Reputation: 13
I threw in some more reproducible code but the error is persisting.
Sorry in advance for the lack of a better question, the sample code is breaking before I have a change to dive into it. I've also never dealt with "./{rest of url}" before.is that the problem? I'm working with this https://programminghistorian.org/en/lessons/geospatial-data-analysis
and I'm getting this error "Error: Cannot open "./data/County1990ussm/"; The file doesn't seem to exist."
I've verified I'm in the intended working directory (one level above the data folder)
"We start by loading in the selected data. The data for this tutorial can be dowloaded here - https://programminghistorian.org/assets/geospatial-data-analysis/data.zip - . Once downloaded place all the files in a folder labeled data inside your working directory in R. We are going to create a variable and read in our data from our variable directory to it. Once run, the County_Aggregate_Data variable will contain the data and geographic information that we will analyze:"
library(sf)
library(tmap)
library(plotly)
setwd("path")
aFile <- "https://programminghistorian.org/assets/geospatial-data-analysis/data.zip"
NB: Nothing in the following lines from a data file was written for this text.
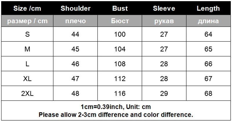 الحجمعبر الكتف (سم)عرض الصدر (سم)طول الكم (سم)الجسم طول
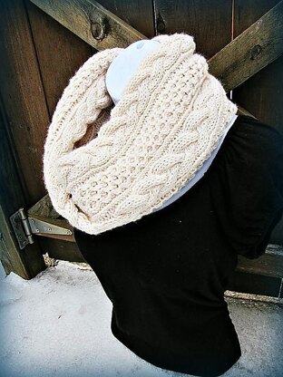 This scarf features an optional faux mobius twist that is put in after the entire scarf is knitted. You get the option of a lovely twist without having to work a twisted project.
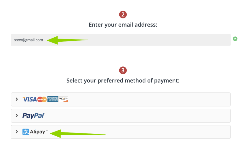 ⑶第三步:输入你的电子邮箱地址,并使用支付宝完成付款。
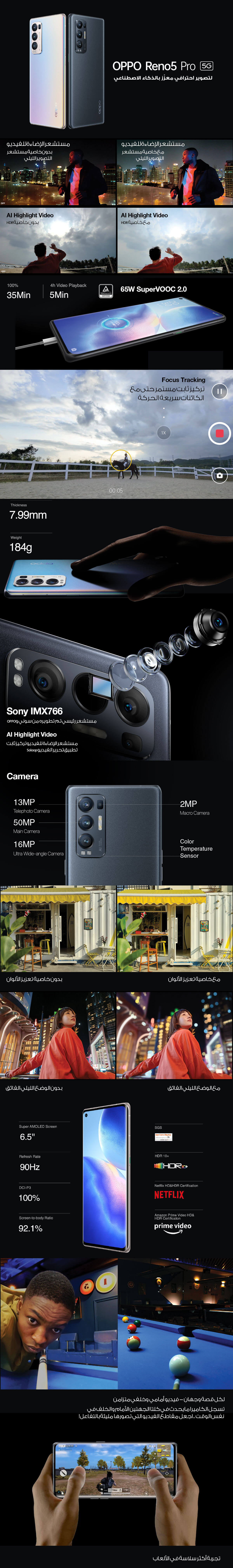 اوبو رينو6 برو سعة 256 جيجابايت الجيل الخامس (5G) ثنائي الشريحة – أزرق أركتيك
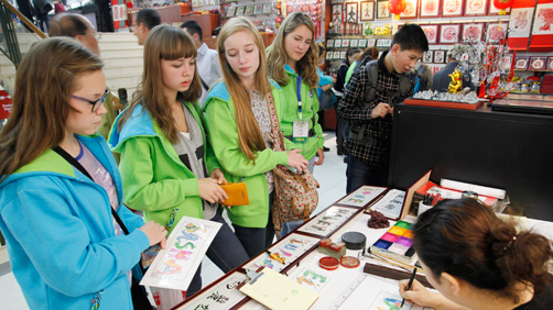 “汉语桥”选手秀水街体验购物
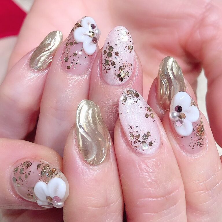 新春ネイルの中でも人気なフラワーデザイン
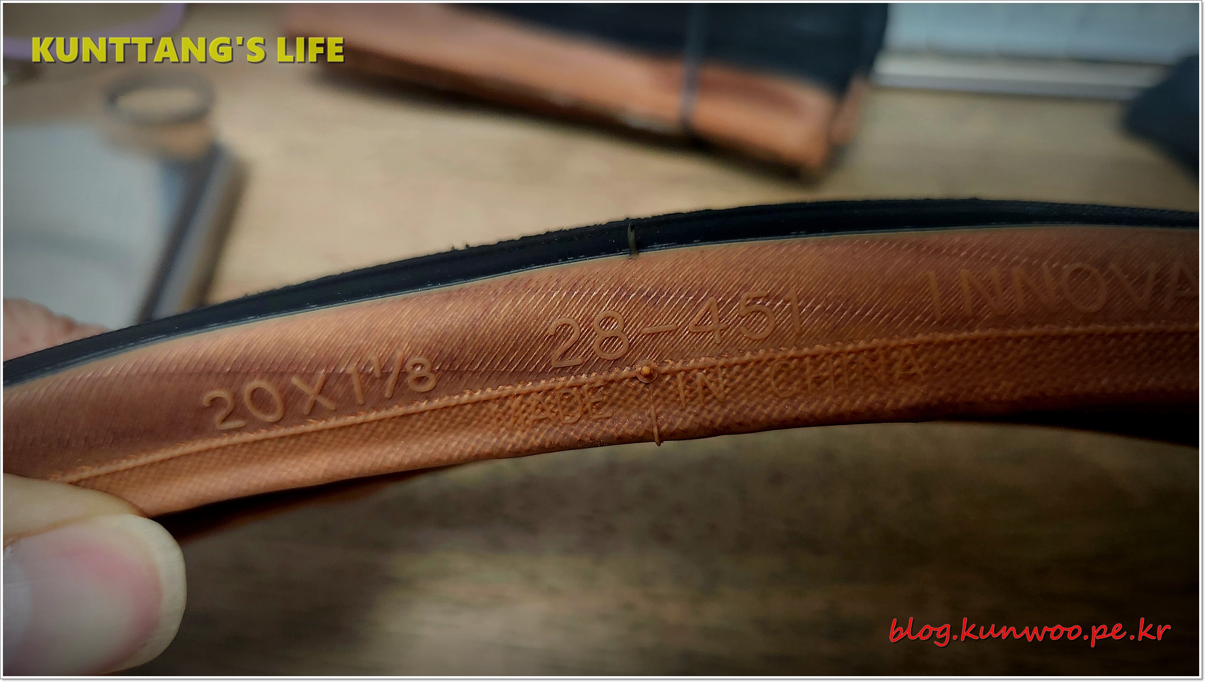 미니벨로에서 많이 사용하는 20인치 406사이즈 휠에 28C 타이어의 총 둘레(외경)은 1451mm 이다.
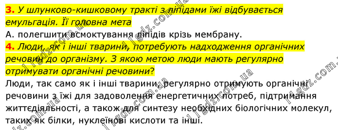 3. У шлунково-кишковому тракті з ліпідами їжі відбувається емульгація. Її головна мета А. полегшити всмоктування ліпідів крізь мембрану. 4. Люди, як і інші тварини, потребують надходження органічних речовин до організму. З якою метою люди мають регулярно отримувати органічні речовини? Люди, так само як і інші тварини, регулярно отримують органічні речовини з їжі для задоволення енергетичних потреб, підтримання життєдіяльності, а також для синтезу необхідних біологічних молекул, таких як білки, нуклеїнові кислоти та інші.
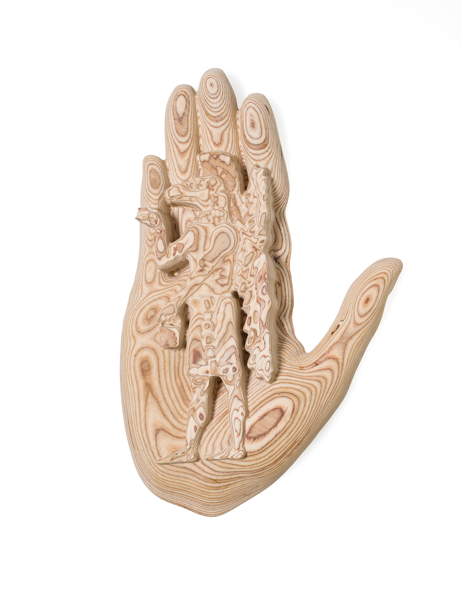 p23-206 / A New Sage (Apkallu) / 2023 / beech multiplex / 38 x 25 x 4 cm / 5 edition numbers bought as one installation / #4, #9, #11, #13 and #14 out of an edition of 25 / provenance: Rijksakademie, The Venice Editions fundraising effort at the Open Studios 2023 / pk
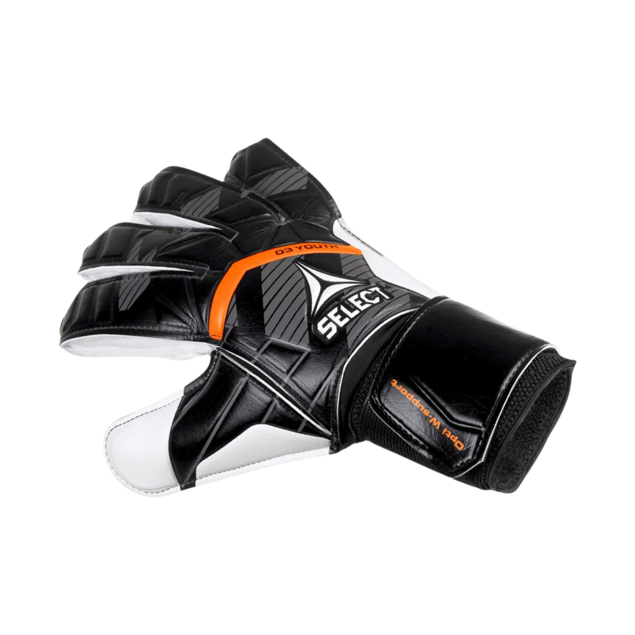 Rękawice bramkarskie dla dzieci Select o przeznaczaniu treningowo-meczowym. Model o kroju typu Flat Cut. Wewnętrzna powierzchnia z warstwy lateksowej Flexion Latex przyczynia się do bardzo dobrego zakresu chwytności niezależnie od warunków pogodowych. System Anatomical Fit wymusza naturalną pozycję chwytu. Siateczka umiejscowiona na wewnętrznej części palców. Zapięcie w formie szerokiego paska na rzep. Wycięcia przy nadgarstku ułatwiają zakładanie rękawicy i zapewniają dużą swobodę ruchu.
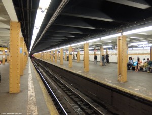 Das Lincoln Center gibt es schon ziemlich lange, ich glaube, seit den 50ern. Das hat zeitlich gereicht, dass der Zusatz sogar noch in die Namenfliesen eingepflegt wurde. Auch ansonsten ist der Bahnhof für seine Alter in einem relativ guten Zustand. |
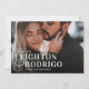 Anuncie sua data de casamento com esses cartões salve a data ousados e modernos baseados em tipografia. Design apresenta uma foto horizontal ou orientada a paisagem para solteiro de sangramento de cheio, com seus nomes sobrepostos em letras brancas unidas por um e-mail sobredimensionado. Personalize com a data e o local do casamento e adicione detalhes adicionais ao sábio sólido verde de volta, se desejar.
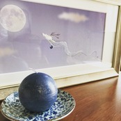 画家 月鐘たえさん作『満月に昇る白龍』とその絵からインスピレーションを受け取って創られた福の神キャンドル『露珠』のコラボセットです。
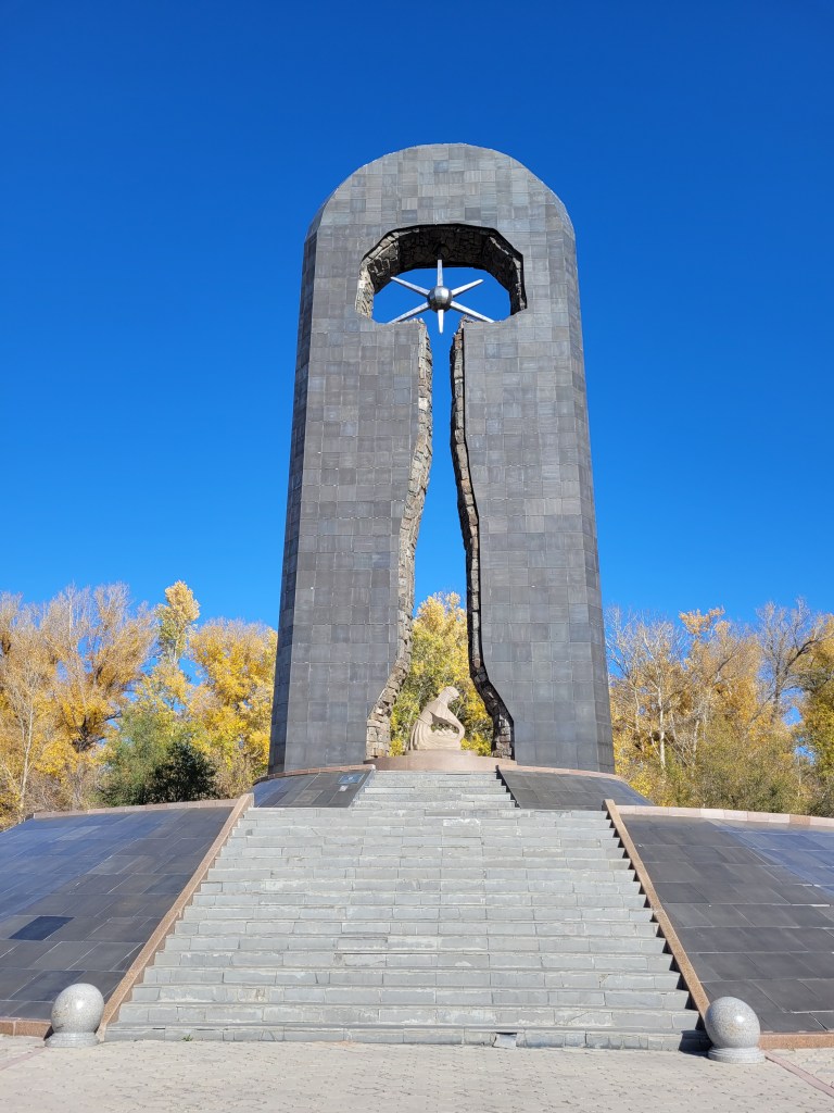 it was time to visit ‘The Stronger Than Death’ monument. Standing at a height of 30 meters, the monument honors the victims of more than 40 years of nuclear tests at the Semipalatinsk nuclear testing site. It is a moving and powerful symbol, representing the impact of nuclear testing on the local population and the enduring strength of the people in the face of such tragedy.
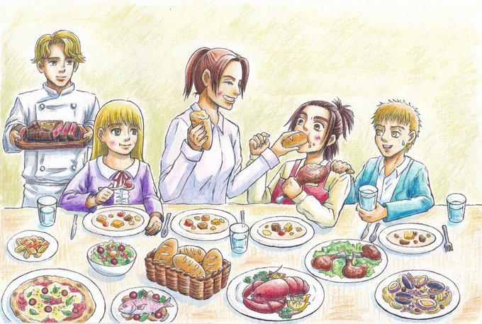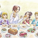サシャお誕生日おめでとう🎉 一生懸命に食べるあなたが好き!! 「土地を奪還すればまた、牛も羊も飼えますから」は、生きることの肯定だなと思う。 食べることは生きること。 #サシャ生誕祭2023 #サシャ・ブラウス生誕祭2023
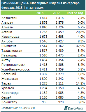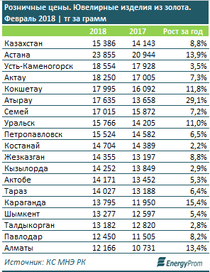 "По итогам февраля золотые ювелирные изделия обходились казахстанцам в 15,4 тысячи тенге за грамм - на 0,3% дороже, чем в январе, и на 8,8% дороже, чем годом ранее. Самые высокие цены среди крупных городов и мегаполисов страны - в Астане (сразу 23,9 тыс. тг за грамм, +13,9% за год), Усть-Каменогорске (18,6 тыс. тг за грамм, +3,5% за год) и Актау (18,3 тыс. тг за грамм, +7,3% за год)", - отмечают аналитики.

# check to see whether file exists before downloading and unzipping it
if(!file.exists("data.zip")) {
download.file(aFile,"data.zip",mode="wb")
unzip("data.zip")
}
print(list.files("./data"))
County_Aggregate_Data <- st_read("./data/County1990ussm/")
OUTPUT
"[1] "County1990_Data" "County1990ussm"
[3] "DP_TableDescriptions.xls" "ExtendedZIP5.csv"
[5] "GeocodedAddresses.csv" "Religion
"
"Error: Cannot open "./data/County1990ussm/" The file doesn't seem to exist."
Upvotes: 0
Views: 3464
Reputation: 10855
If the original poster downloaded the zip file into the ./data
directory and then unzipped it with default settings, the unzip creates another /data
subdirectory.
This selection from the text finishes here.